Friday, November 03, 2006

 

Remembering the home-made back porch which almost destroyed a B.C. premier

One final week of pre-trial conference in B.C. Supreme Court is complete.
30 days from now, on 4 December 2006, Udhe Singh (Dave) Basi, Bobby Singh Virk, and Aneal Basi are expected to stand trial before Justice Elizabeth Bennett. It's been almost 3 years since the unprecedented raid on their B.C. Legislature offices. Let's look back at some of the comments. - BC Mary
_____________________________________________________________________________________________


http://www.theglobeandmail.com/servlet/ArticleNews/TPStory/LAC/20050411/BCHUME11//?query=marijuana

B.C. voters need to know the facts
By MARK HUME
April 11, 2005

When I finished reading the thick binder of highly confidential documents, I closed the file and looked across at the lawyer who was, by court order, hovering over me.

"There might never be a conviction," I said. "But his political career is finished."

The lawyer nodded pensively and took back the documents. They were sealed under an order issued by Mr. Justice Patrick Dohm of the British Columbia Supreme Court and I was reminded I could not discuss or report on the contents, even though it was of profound importance to the citizens of British Columbia.

The search warrants, affidavits and tell-all documents the police call Information to Obtain that I had just read related to a scandal that was then swirling around Glen Clark, the B.C. premier who eventually lost his job over a sun deck.

The material described Mr. Clark's frequent meetings with Dimitrios Pilarinos, his neighbour and friend. It contained wire-tap transcripts and covert surveillance by RCMP teams.

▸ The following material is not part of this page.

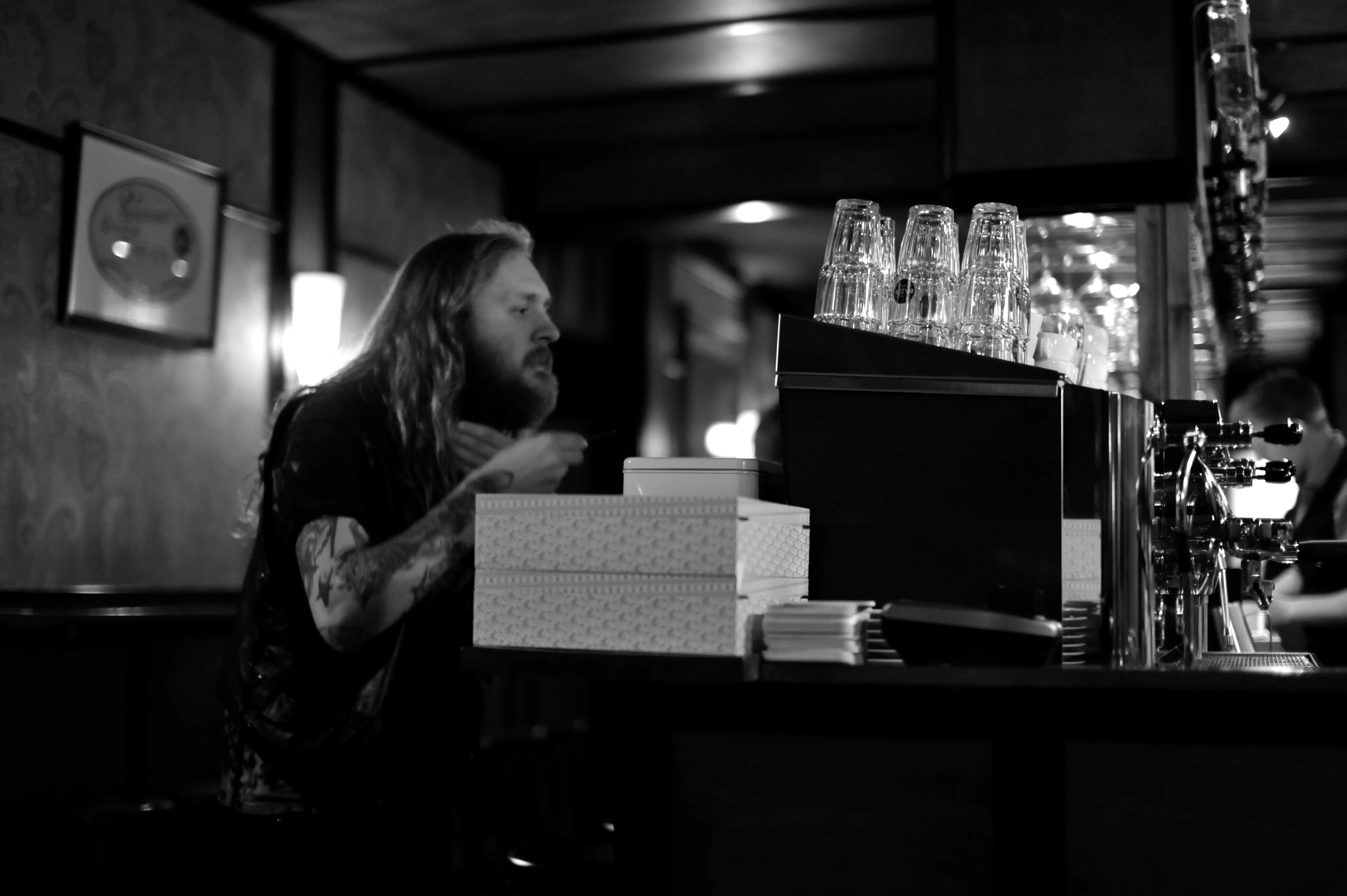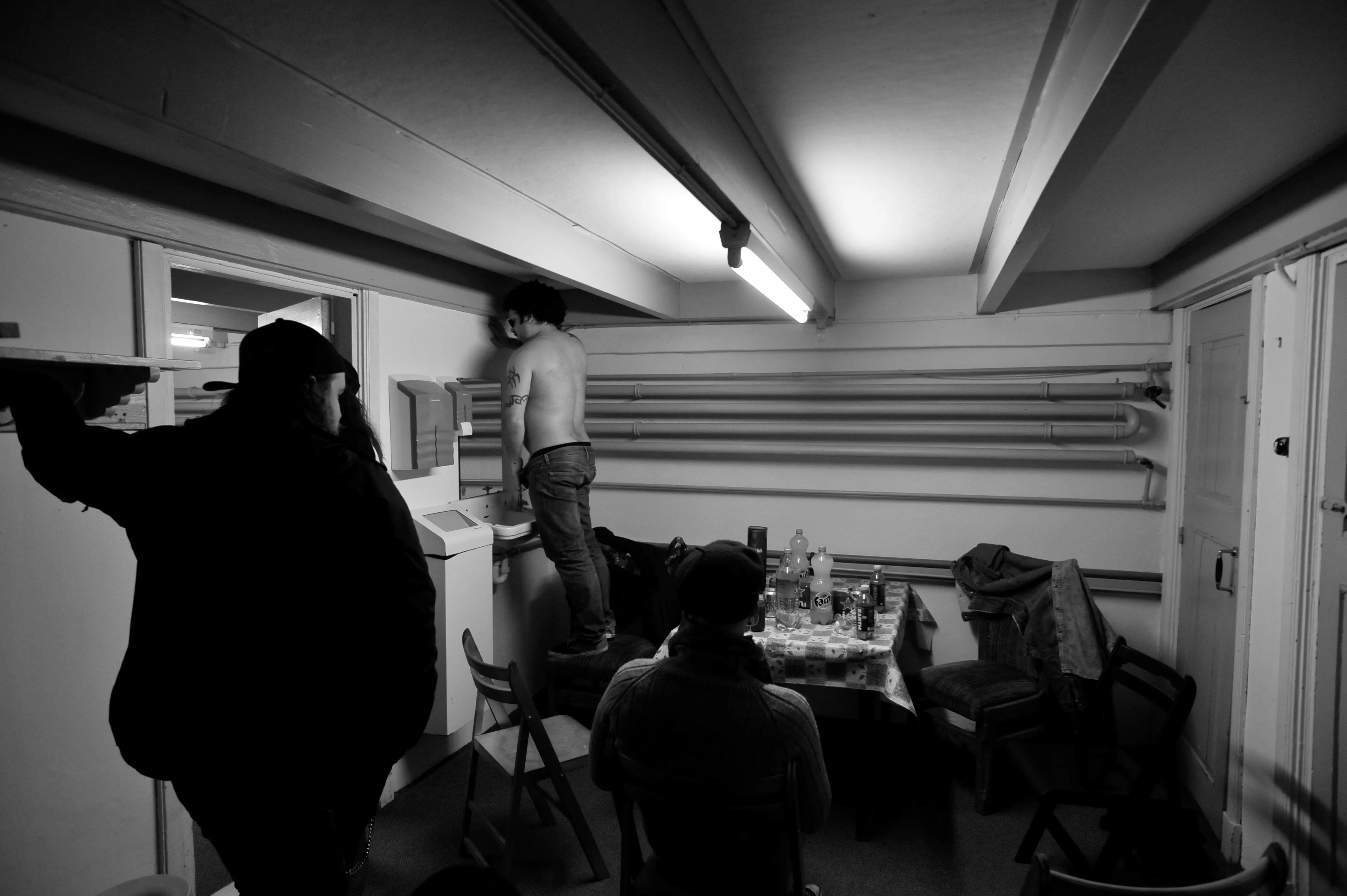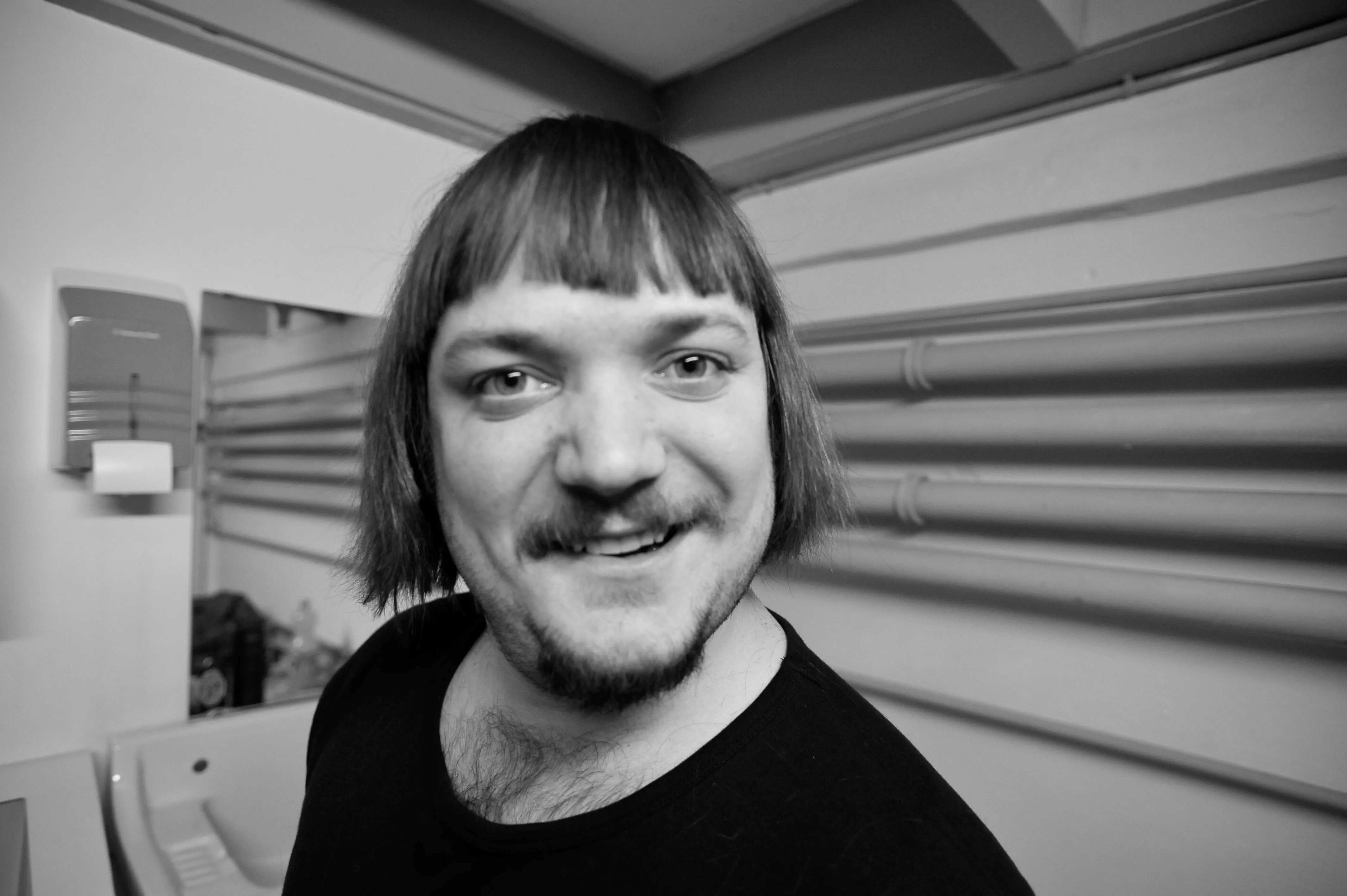 Under en skøn, skøn lydprøve foran ca 21 mennesker blev vi en smule smånervøse, da forrige aftens venue var packed allerede før showstart. Derfor valgte vi naturligvis, for at dulme den spirrende nervøsitet, at give vores elskede trommeslager en prins Valiant-frisure umiddelbart, før vi gik på scenen. Hold kæft hvor vi skreg af grin over det.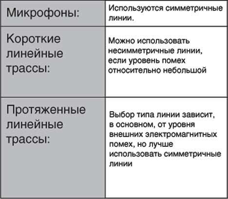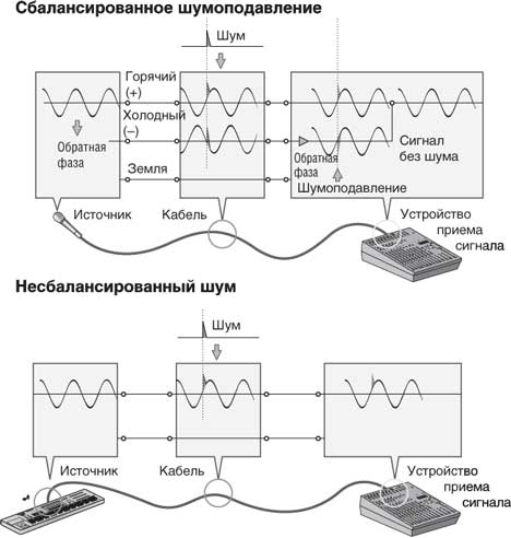Еще одно место, где практически всегда используются симметричные линии, — это микрофонные кабели. Причина в том, что выходной сигнал большинства микрофонов очень слаб, поэтому даже незначительные помехи будут для них относительно серьезны, а после прохождения предварительного усилителя микшера усилятся до опасной степени.

Oh, it was tawdry stuff all right, describing a relationship that one of the players, Mr. Pilarinos, thought would lead to a lucrative casino licence in return for a free sun deck. In the end, Mr. Clark was acquitted of breach of trust charges, but deemed guilty in public opinion of having appallingly bad judgment.

The important thing to recall about those secret documents, however, was that while they were locked away for several months, they did come out before the 2001 election.

Mr. Clark resigned. Voters, en masse, abandoned the New Democrats, and Gordon Campbell's Liberal Party swept to power.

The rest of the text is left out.